In [1]:
from datasets import load_dataset
import numpy as np
import torch
import pprint
device = torch.device("cuda") if torch.cuda.is_available() else torch.device("cpu")
print("Using {}".format(device))

Using cpu


In [2]:
dataset = load_dataset("ai2_arc", "ARC-Challenge")
dataset = dataset.filter(lambda item: len(item["choices"]["label"]) == 4)

In [3]:
from transformers import AutoTokenizer
tokenizer = AutoTokenizer.from_pretrained("bert-base-cased")

def tokenize_function(examples):
    choice_prompt = [[examples["question"][i] + " Choose one from the following: {}. {}; {}. {}; {}. {}; {}. {}".format(examples["choices"][i]["label"][0],examples["choices"][i]["text"][0], examples["choices"][i]["label"][1], examples["choices"][i]["text"][1], examples["choices"][i]["label"][2], examples["choices"][i]["text"][2], examples["choices"][i]["label"][3], examples["choices"][i]["text"][3])] for i in range(len(examples["id"]))]
    gt_sentences = ["The correct answer is: {}. {}".format(examples["answerKey"][i], examples["choices"][i]["text"][examples["choices"][i]["label"].index(examples["answerKey"][i])]) for i in range(len(examples["id"]))] 
    # Flatten everything
    choice_prompt = sum(choice_prompt, [])
    
    # Tokenize
    tokenized_examples = tokenizer(choice_prompt)
    tokenized_examples["labels"] = tokenizer(gt_sentences)["input_ids"]
    # Un-flatten
    return tokenized_examples

def show_one(example):
    '''show one example in a nicely formatted way'''
    print(f"Question: {example['question']}")
    print(f"  A - {example['choices']['text'][0]}")
    print(f"  B - {example['choices']['text'][1]}")
    print(f"  C - {example['choices']['text'][2]}")
    print(f"  D - {example['choices']['text'][3]}")
    print(f"Ground truth: {example['answerKey']}")


In [6]:
examples = dataset["train"][:3]
features = tokenize_function(examples)
print(features.keys())
print('= = = Intuitive Demo = = =')
show_one(dataset["train"][0])

print('\n= = = Processed Format = = =')
for i in range(3):
    print("-->Prompt:")
    print(tokenizer.decode(features["input_ids"][i]))
    print("-->Ground truth answer:")
    print(tokenizer.decode(features["labels"][i]))

dict_keys(['input_ids', 'token_type_ids', 'attention_mask', 'labels'])
= = = Intuitive Demo = = =
Question: George wants to warm his hands quickly by rubbing them.

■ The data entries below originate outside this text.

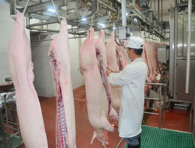 毛豬車輛入廠(chǎng)時嚴格車輪消毒池和人員專用通道消毒;卸車後經過清洗、消毒、烘幹等環節徹底消殺後方可出廠(chǎng),確(què)保安全;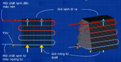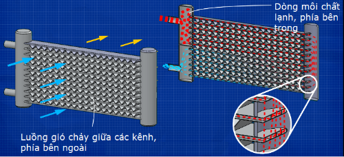 Môi chất lạnh đi qua phần trên và sau đó là các ống phẳng cho đến khi nó đạt đến phần trên khác. Các đầu chứa các vách ngăn điều khiển hướng của môi chất lạnh và được sử dụng để lặp môi chất lạnh qua các ống nhiều lần để tăng thời gian di chuyển bên trong và do đó tăng cơ hội truyền nhiệt.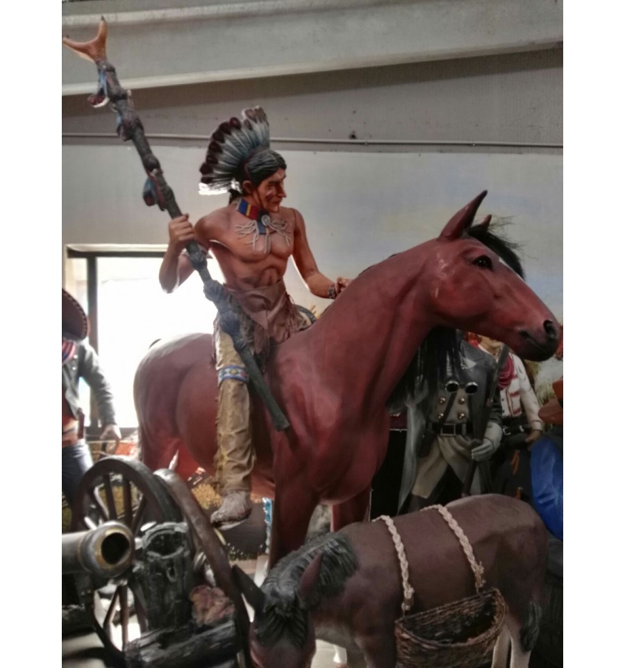 SPECTACULAR SCALED-DOWN REPLICA OF A REAL HORSE WITH A RIDER INDIAN WITHOUT SADDLE, FIGURE OF THE OLD AMERICAN WEST, INDIAN, FOR A HORSE OF FIBER FOR OUTSIDE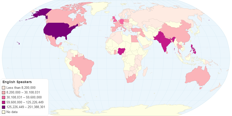 English is either the official language or one of the official languages in almost 60 sovereign states. It is the most commonly spoken language in the United Kingdom, the United States, Canada, Australia, Ireland, and New Zealand, and is widely spoken in some areas of the Caribbean, Africa, and South Asia.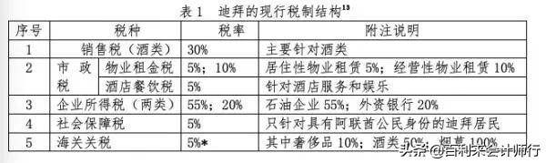 迪拜稅率的衆數是5%,除了石油企業所得稅實行55%的畸高稅率以外,基本比較溫和(具體的稅制結構參見表1)。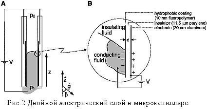 Совсем недавно была разработана и другая схема использования электрокапиллярности. В работе [2] описана схема установки, в которой микротечения жидкости возникают из-за двойного электрического слоя на границе жидкость-твердое тело (а не жидкость-жидкость). Принципиальная схема установки показана на Рис.2. В стенках капилляра, в котором находится электролит, вмонтированы электроды. Когда между электродами и проводящей жидкостью создается разность потенциалов, на электродах и на стенках капилляра возникает поверхностный заряд. Заряды притягиваются друг к другу, что приводит к усилению взаимодействия жидкости со стенками, то есть к эффективному усилению смачиваемости. Как следствие, изменяется высота столбика жидкости в капилляре.

Which skin surface will produce the most heat?
  A - dry palms
  B - wet palms
  C - palms covered with oil
  D - palms covered with lotion
Ground truth: A

= = = Processed Format = = =
-->Prompt:
[CLS] George wants to warm his hands quickly by rubbing them. Which skin surface will produce the most heat? Choose one from the following : A. dry palms ; B. wet palms ; C. palms covered with oil ; D. palms covered with lotion [SEP]
-->Ground truth answer:
[CLS] The correct answer is : A. dry palms [SEP]
-->Prompt:
[CLS] Which of the following statements best explains why magnets usually stick to a refrigerator door? Choose one from the following : A. The refrigerator door is smooth. ; B. The refrigerator door contains iron. ; C. The refrigerator door is a good conductor. ; D. The refrigerator door has electric wires in it. [SEP]


In [7]:
tokenized_datasets = dataset.map(tokenize_function, batched=True)
accepted_keys = ["input_ids", "attention_mask", "labels"]
for key in tokenized_datasets['train'].features.keys():
    if key not in accepted_keys:
        tokenized_datasets = tokenized_datasets.remove_columns(key)
tokenized_datasets.set_format("torch")

huggingface/tokenizers: The current process just got forked, after parallelism has already been used. Disabling parallelism to avoid deadlocks...
	- Avoid using `tokenizers` before the fork if possible
	- Explicitly set the environment variable TOKENIZERS_PARALLELISM=(true | false)
Map: 100%|██████████| 1117/1117 [00:00<00:00, 5022.91 examples/s]
Map: 100%|██████████| 1165/1165 [00:00<00:00, 3619.34 examples/s]
Map: 100%|██████████| 295/295 [00:00<00:00, 3512.03 examples/s]


In [None]:
from transformers import DataCollatorForSeq2Seq
from torch.utils.data import DataLoader
collator = DataCollatorForSeq2Seq(tokenizer, model, padding="max_length")

# TODO: load model here

batch_size = 2
# data_collator = DataCollatorForMultipleChoice(tokenizer)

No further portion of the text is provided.